How are Civil Site Work estimators paid? I read somewhere that they are paid a percentage. I figured this was from profit of a project. What is percentage paid if that is case? Does anyone know average salary of a good estimator?


----------



## slowsol (Aug 27, 2005)

Are you talking about someone you would hire as a consultant? Or are you talking about an employee? 

I am a full-time estimator for a general contractor (we perform our own civil work). If I were paid a percentage of the job instead of a salary, I'd be long gone.

I think there are companies that will take off and estimate a job for you for a flat fee. 

It's not fair to have the estimator paid on a percentage of profit at the end of the job. He typically has no control over how productive your crew is or how well you run the job. If you're paying as a percentage of anticipated profit, then that makes more sense. I still wouldn't do it. And I'm not sure there are many who would. Unless you find a retiree that's looking for something like that.


----------



## Sboudreaux (Apr 5, 2014)

*I'm the estimator*

My cousin has a excavating company and wants me to come into business and become the Estimator. I have no prior experience in construction industry. I have a degree in business from college. I'm currently getting a Civil Sitework certificate from ASPE and taking a Construction Blueprint course through them. I figure I can use this for whoever I work with. 
So you are paid by specific job you do or a flat salary?


----------



## slowsol (Aug 27, 2005)

I'm paid by salary just like a project manager. I don't just spend my time taking off plans and plugging estimates. I do a lot of design/build projects (managing architects/engineers), getting permits around, setting up the jobs for the project managers, etc.
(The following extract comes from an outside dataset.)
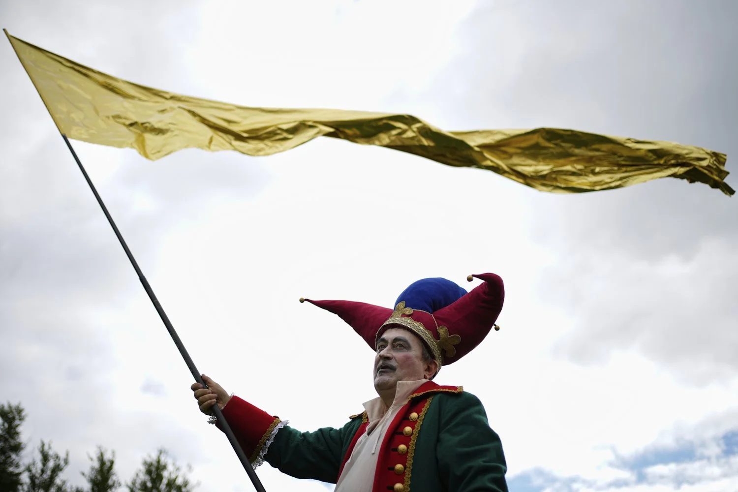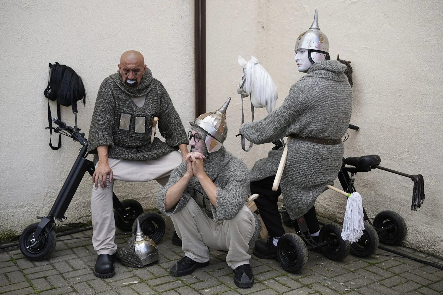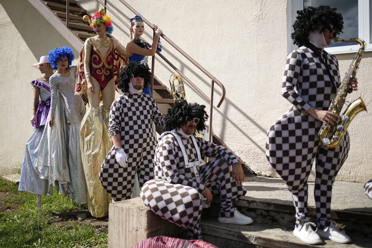 Circus performers wait for the start of the Karandash-Fest, a street festival of circus performers, in Staritsa, Tver region, Russia, Saturday, Aug. 2, 2025. (AP Photo/Pavel Bednyakov)

You are full time employee at any company I've ever come in contact with. 

A lot of what you're worth at that company depends on things like: how much volume they do, how big the company is, what type of work they do, your experience, your aptitude, how much he likes you, etc.

We have estimators in our company with salaries that range from $50k to $150k.


----------



## Moxley-Kidwell (Jan 28, 2011)

Most that I know are paid a salary. I think one big company in the area tried some kind of bonus/ pay for contracts but don't think it went very well. If it's a small company you will probably be doing more than just estimating. Little sales/pr setting up material, manage some of the project and keep up with some of the billing. Good luck!


----------



## Estimator_450 (Apr 9, 2014)

I am a full time estimator and I have an estimating company. At my full-time job I have a salary,I get bonuses and commissions. With my company I get the plans from a company that needs a take-off done, I then review the plans and I give them a price to do take-off for the areas they need done. I send it back in a spread sheet that includes and area for material and labor pricing. This is a one time payment of the agreed amount.


----------